# Work to complete
Each line from the one with "Club Evin offers" through the last line of the material is to be printed exactly; no other line and no picture belongs in the copy.

# Collected material
__________________________________________________
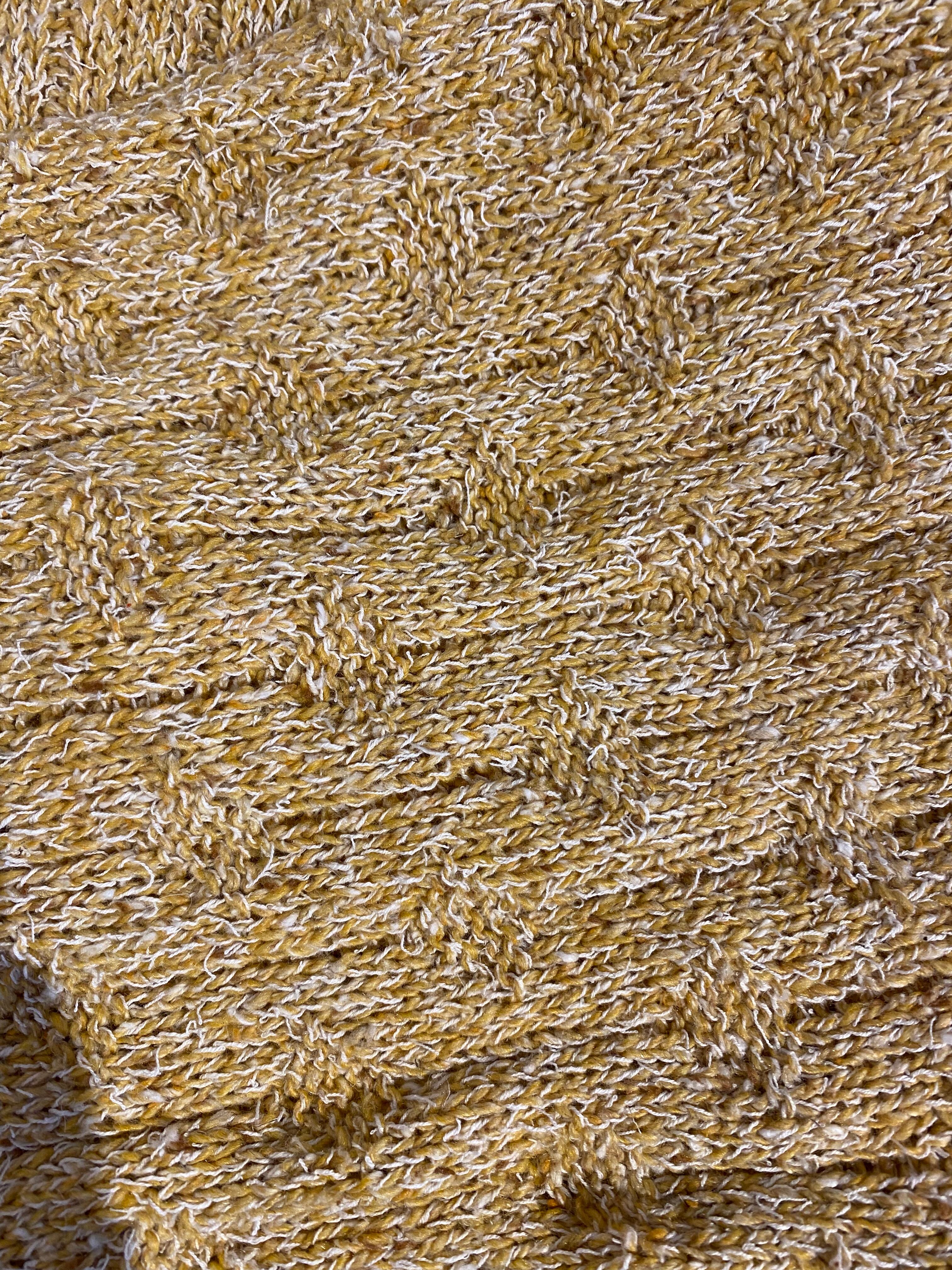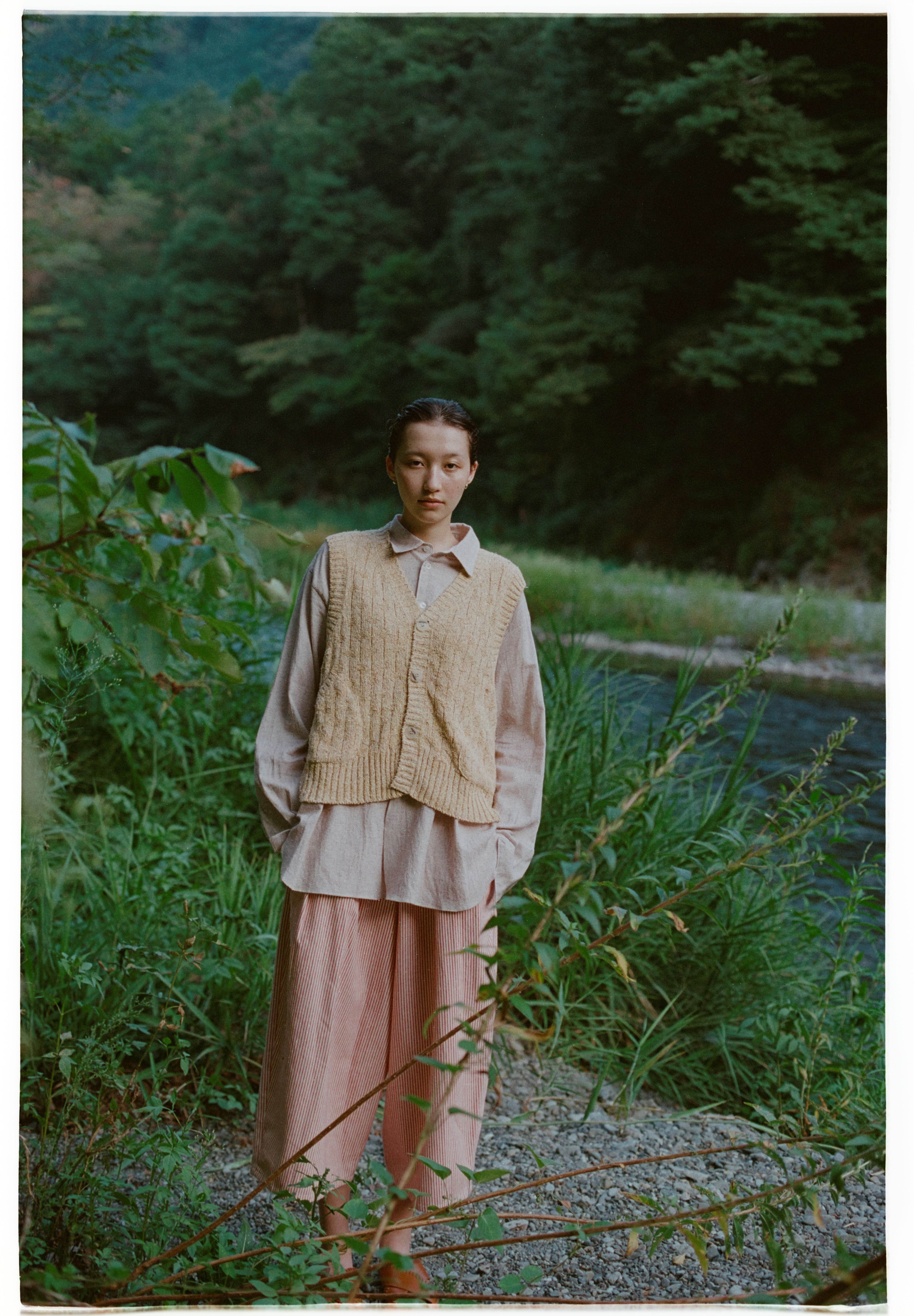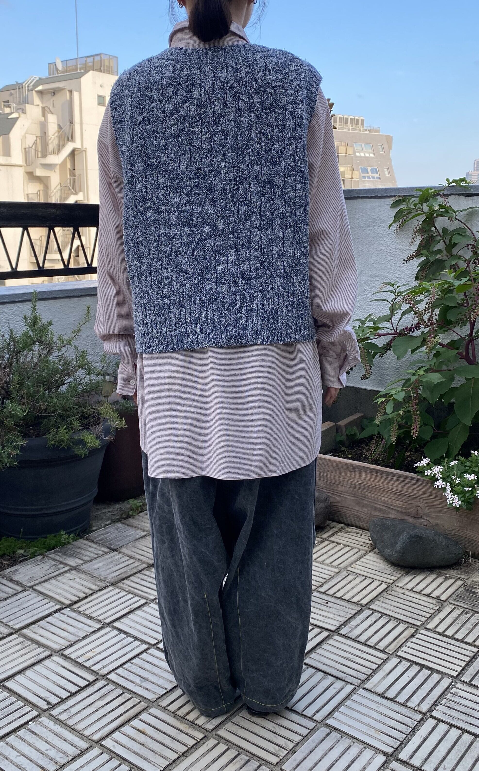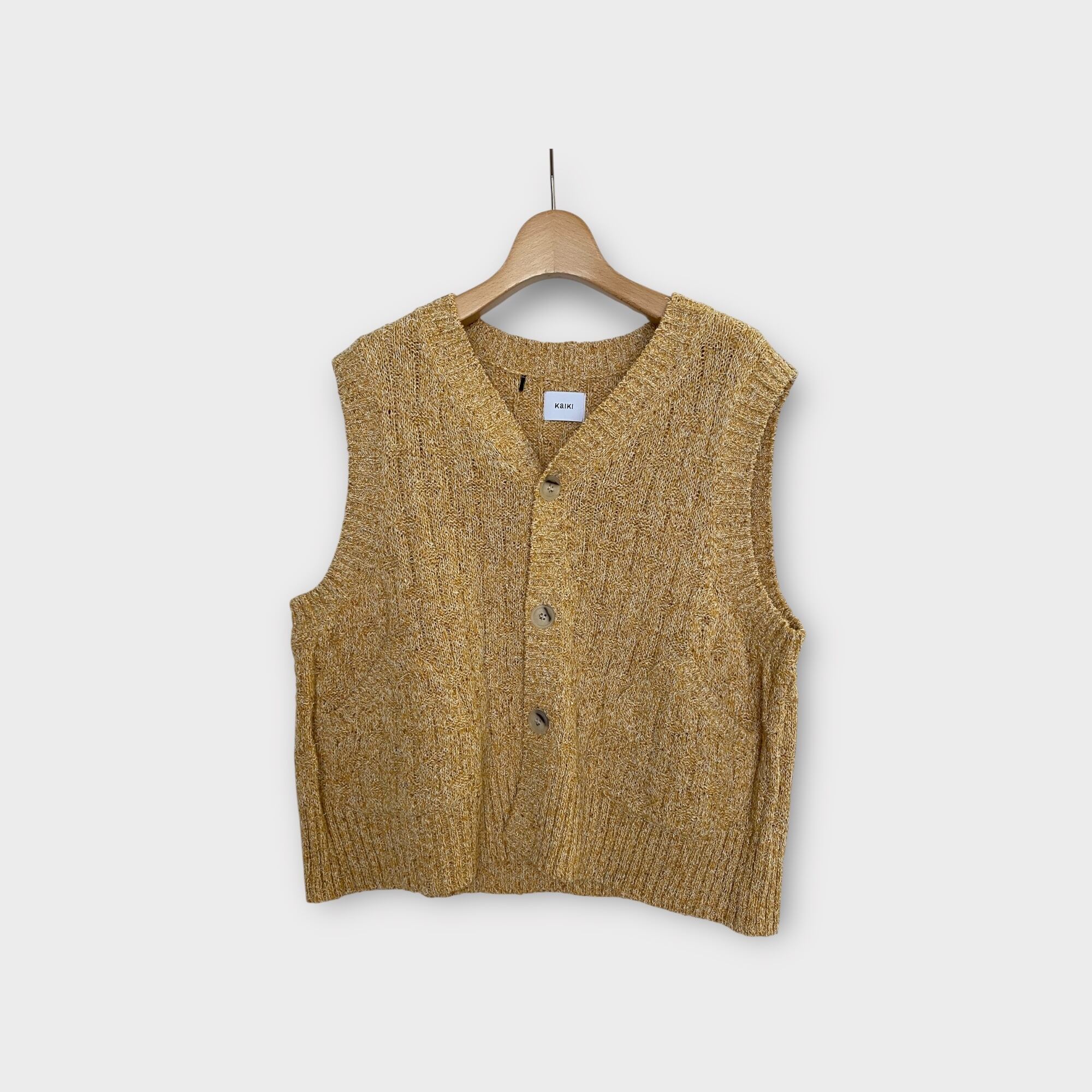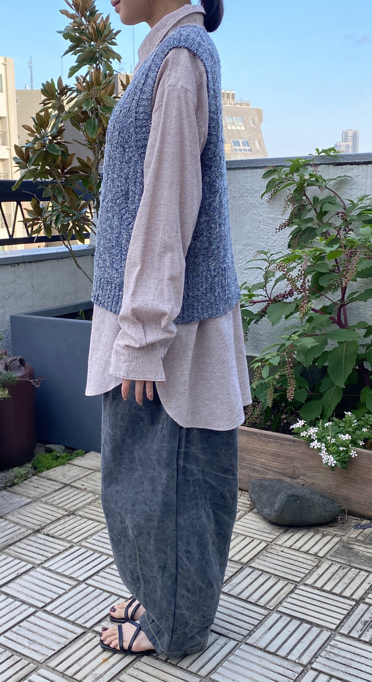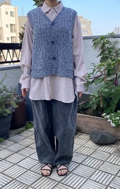 コットンリネンシルクジャカードベストは、リサイクルネップ糸を使用したオリジナルのジャカード柄が際立つ魅力的なアイテムです。軽やかで心地よい着用感を楽しめ、ヴィンテージ風のデザインです。
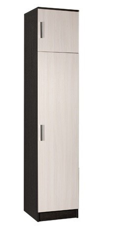 Úzka skriňa vhodná ku predsieni MÁŠA (viď. Príslušenstvo). Vo vnútri sa nachádzajú police. Korpus je vo farebnom odtieni wenge, predné časti majú farbu dub mliečny.Rozmery v/š/h 202 x 40 x 38 cm.Pri tomto nábytku je použitá kvalitná LTD doska. Kovové úchytky. Dodávané v demonte.
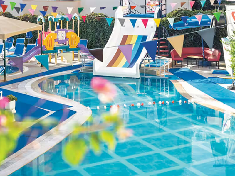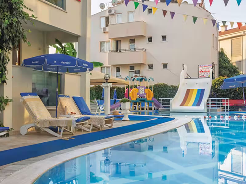 Club Evin offers a spacious pool, award‑winning dining, excellent facilities, and comfortable accommodation for a perfect stay in Turkey. Families can enjoy games, a spa, fitness centre, playground, and children’s pool. After relaxing days, unwind in bright apartments with kitchenettes, balconies, and satellite TV. Enjoy Turkish and international dishes, then explore nearby vibrant bars for evening cocktails.
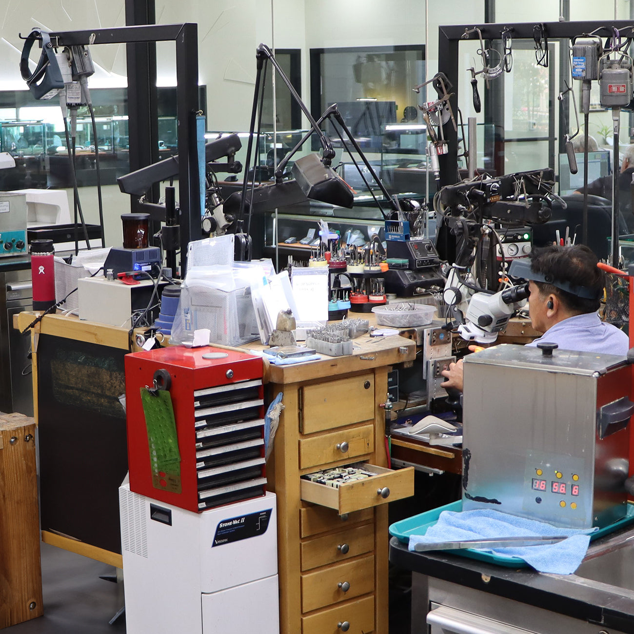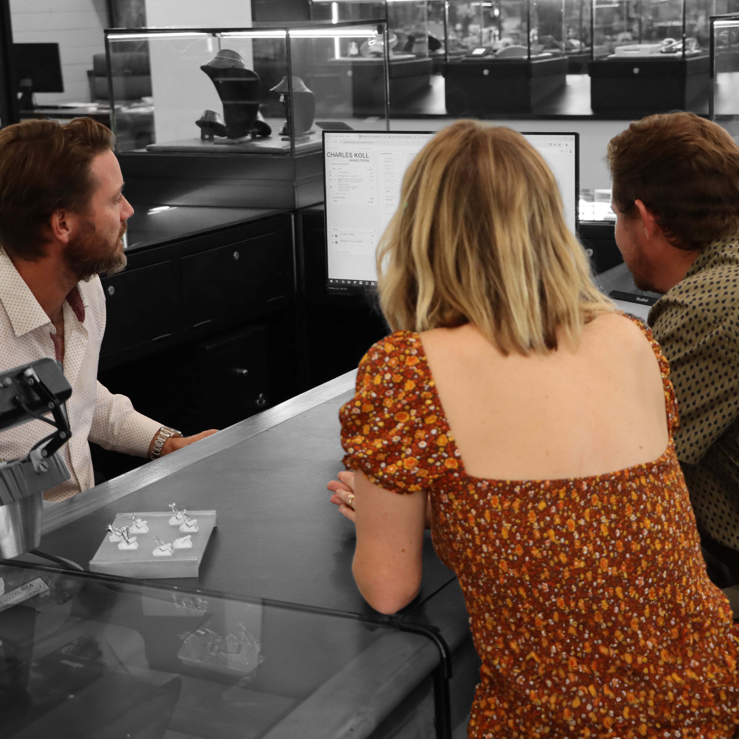 Work with our designers to create a one-of-a-kind piece that will be brought to life by our talented team of artisan jewelers. Our turnaround time is exceptional because we make everything on-site in our glass enclosed workshop.
__________________________________________________
# Finished exercise
 Club Evin offers a spacious pool, award‑winning dining, excellent facilities, and comfortable accommodation for a perfect stay in Turkey. Families can enjoy games, a spa, fitness centre, playground, and children’s pool. After relaxing days, unwind in bright apartments with kitchenettes, balconies, and satellite TV. Enjoy Turkish and international dishes, then explore nearby vibrant bars for evening cocktails.
 Work with our designers to create a one-of-a-kind piece that will be brought to life by our talented team of artisan jewelers. Our turnaround time is exceptional because we make everything on-site in our glass enclosed workshop.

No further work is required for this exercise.